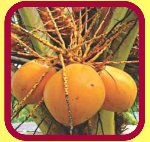
(Lius) Cocos nucifera
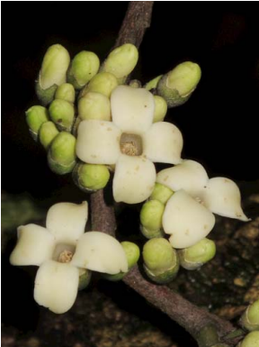
2 Diospyros boala
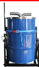
Additional 205L Drum Tipper

=== Work to be completed ===
Transcribe the whole listing above exactly and leave out the pictures.

=== Exercise solution ===
(Lius) Cocos nucifera
2 Diospyros boala
Additional 205L Drum Tipper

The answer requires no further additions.